Supplied records:
+ + + + + + +
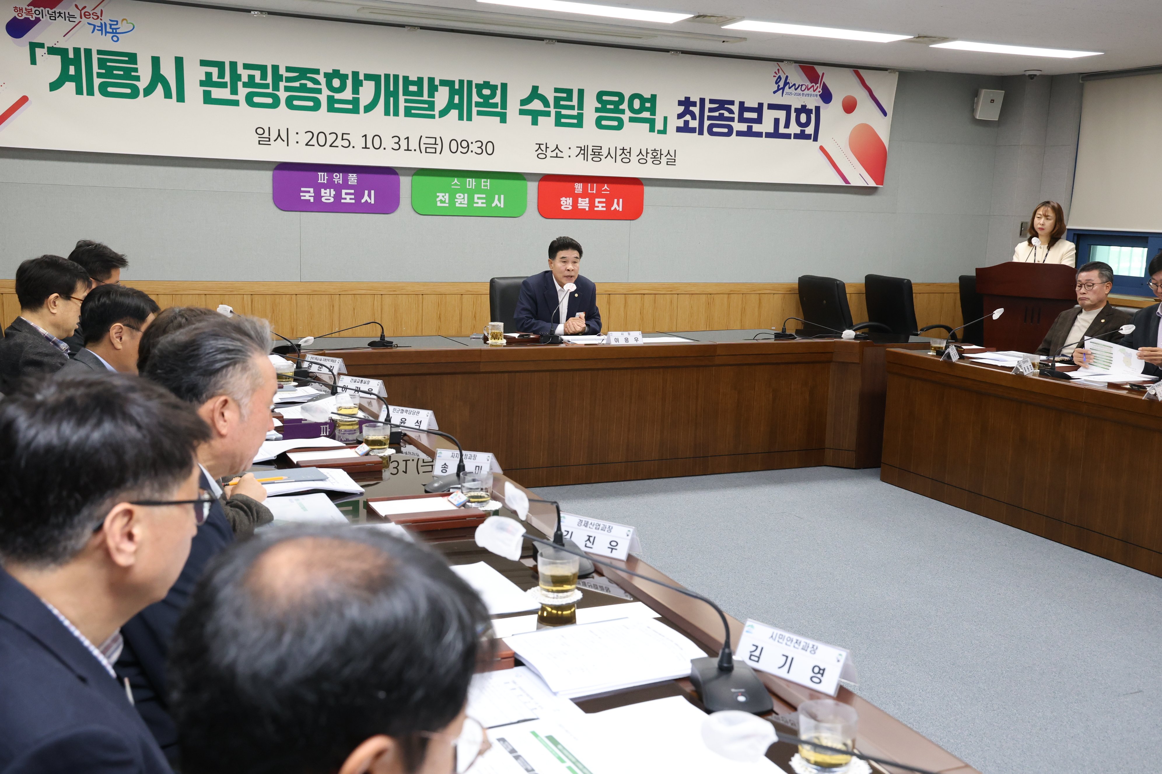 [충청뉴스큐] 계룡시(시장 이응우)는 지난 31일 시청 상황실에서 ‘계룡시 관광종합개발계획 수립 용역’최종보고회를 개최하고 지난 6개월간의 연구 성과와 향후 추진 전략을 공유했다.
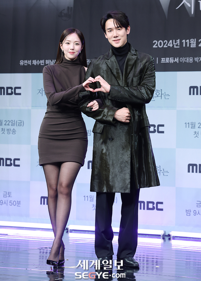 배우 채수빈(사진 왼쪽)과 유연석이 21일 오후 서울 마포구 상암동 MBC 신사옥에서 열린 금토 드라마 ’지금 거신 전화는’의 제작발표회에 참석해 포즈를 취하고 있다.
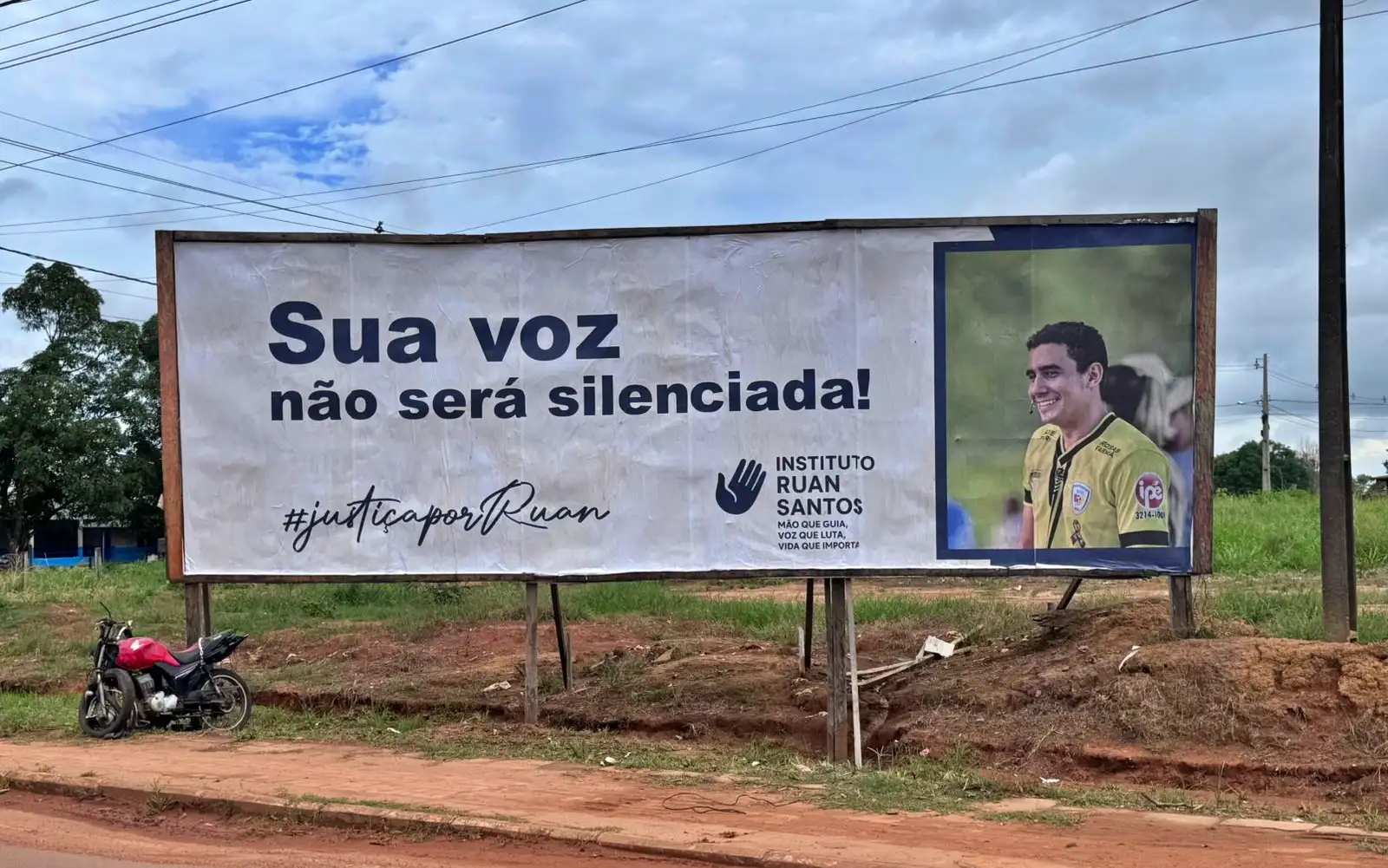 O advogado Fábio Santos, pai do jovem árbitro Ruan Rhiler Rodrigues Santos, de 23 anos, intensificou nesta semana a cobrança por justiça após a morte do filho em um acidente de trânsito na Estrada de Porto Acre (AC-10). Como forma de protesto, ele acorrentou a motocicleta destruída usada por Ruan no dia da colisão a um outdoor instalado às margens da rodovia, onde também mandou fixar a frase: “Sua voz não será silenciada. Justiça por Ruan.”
+ + + + + + +
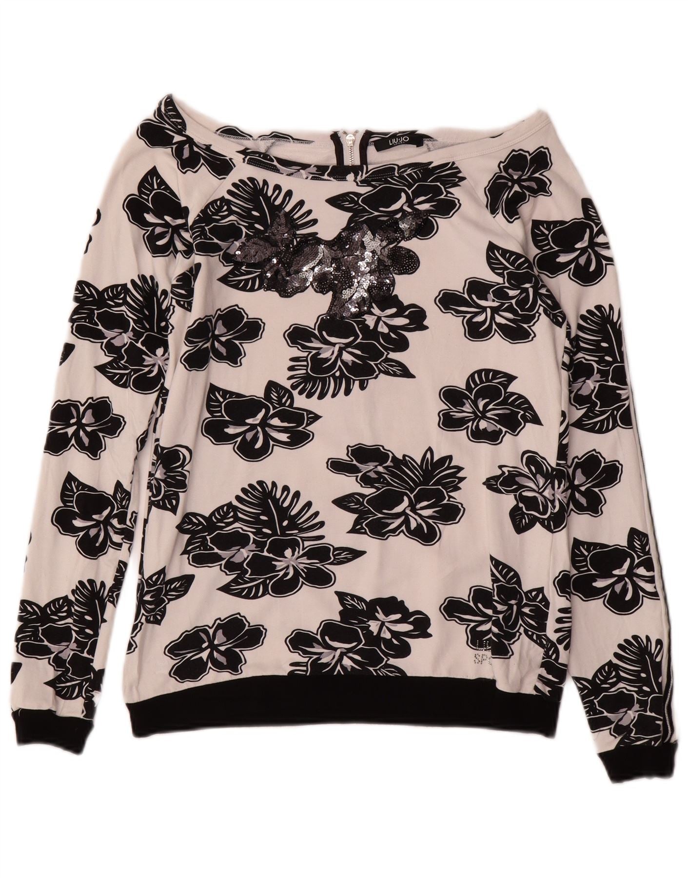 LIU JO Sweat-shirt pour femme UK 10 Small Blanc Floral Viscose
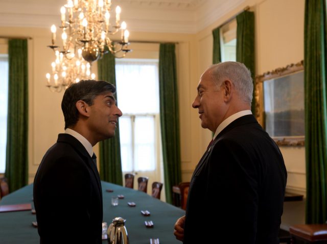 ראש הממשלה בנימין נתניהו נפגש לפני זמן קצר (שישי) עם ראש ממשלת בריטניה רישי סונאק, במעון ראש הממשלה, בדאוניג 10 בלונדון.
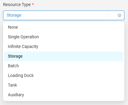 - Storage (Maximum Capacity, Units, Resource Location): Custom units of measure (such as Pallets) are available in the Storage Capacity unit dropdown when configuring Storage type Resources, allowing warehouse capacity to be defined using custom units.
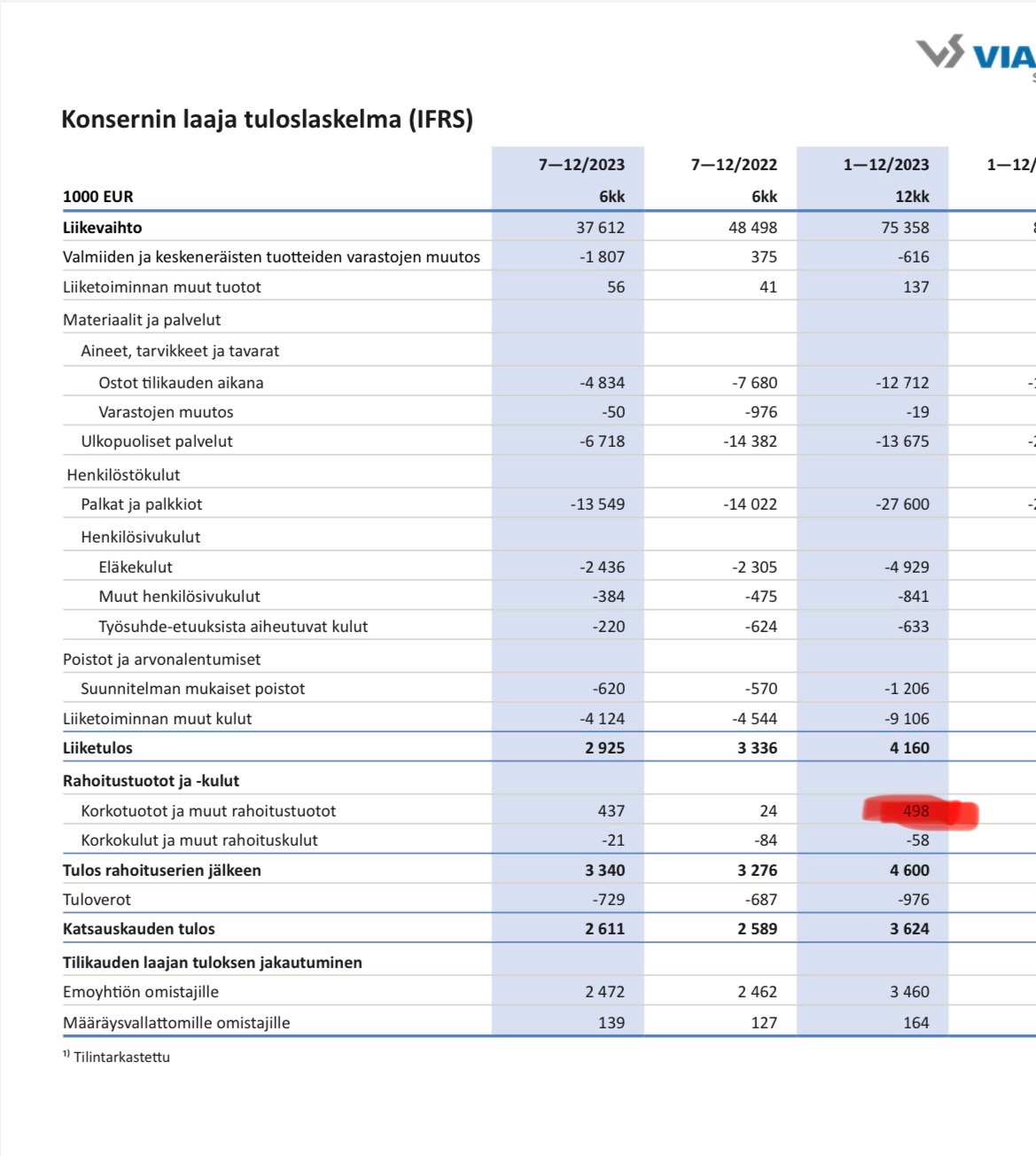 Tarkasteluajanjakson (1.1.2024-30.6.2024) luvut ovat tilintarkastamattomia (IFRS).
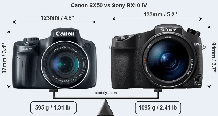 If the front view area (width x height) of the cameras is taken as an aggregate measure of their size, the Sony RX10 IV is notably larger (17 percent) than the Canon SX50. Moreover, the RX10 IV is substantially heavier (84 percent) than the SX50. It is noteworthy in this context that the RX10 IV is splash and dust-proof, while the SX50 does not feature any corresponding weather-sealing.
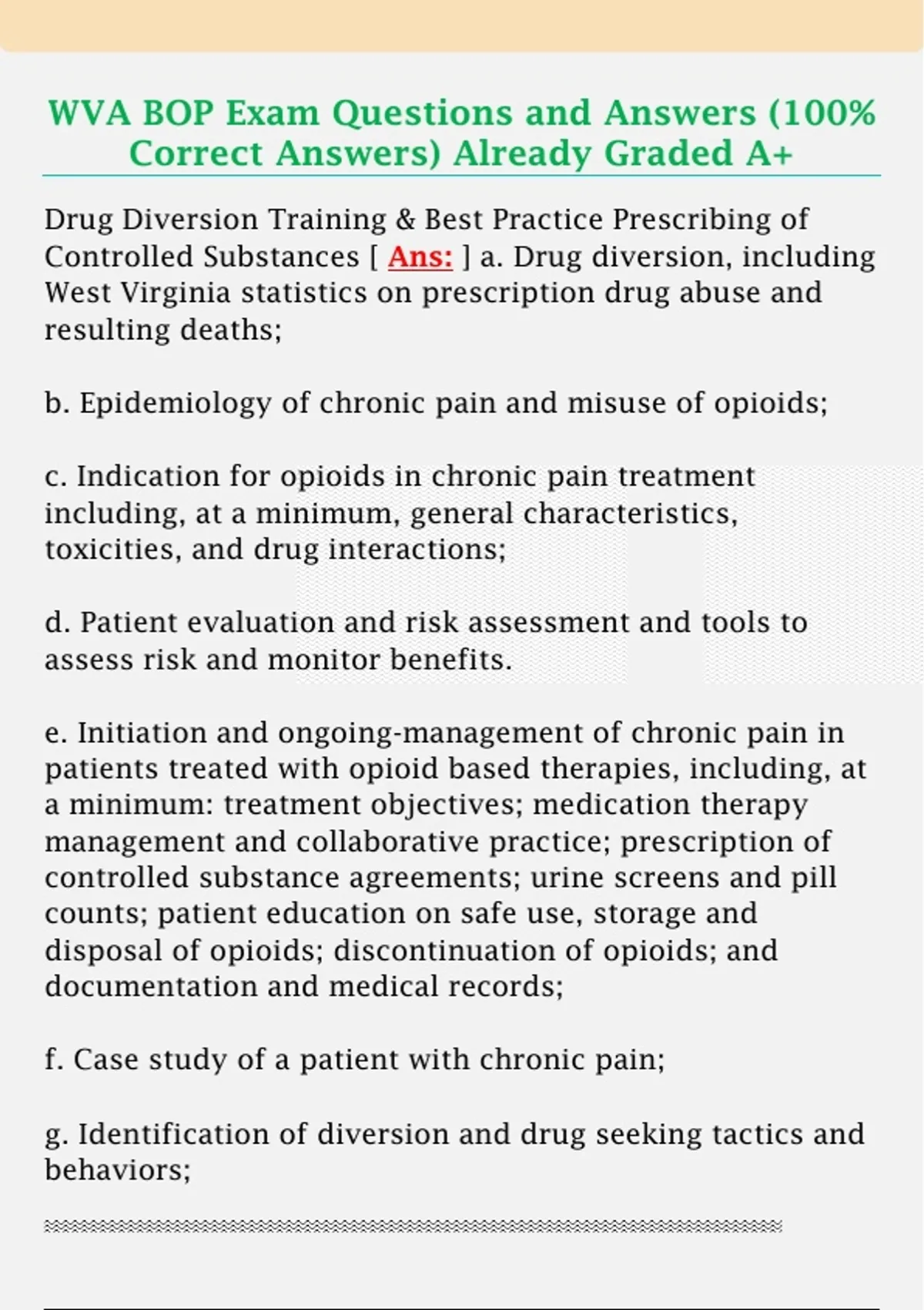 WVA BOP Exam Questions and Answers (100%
+ + + + + + +
Prompt: Within the listing above, the lines from the one with "- Storage (Maximum" through the one with "WVA BOP Exam Questions and Answers (100%" are to be given again word for word. Do not include pictures.

Response:
 - Storage (Maximum Capacity, Units, Resource Location): Custom units of measure (such as Pallets) are available in the Storage Capacity unit dropdown when configuring Storage type Resources, allowing warehouse capacity to be defined using custom units.
 Tarkasteluajanjakson (1.1.2024-30.6.2024) luvut ovat tilintarkastamattomia (IFRS).
 If the front view area (width x height) of the cameras is taken as an aggregate measure of their size, the Sony RX10 IV is notably larger (17 percent) than the Canon SX50. Moreover, the RX10 IV is substantially heavier (84 percent) than the SX50. It is noteworthy in this context that the RX10 IV is splash and dust-proof, while the SX50 does not feature any corresponding weather-sealing.
 WVA BOP Exam Questions and Answers (100%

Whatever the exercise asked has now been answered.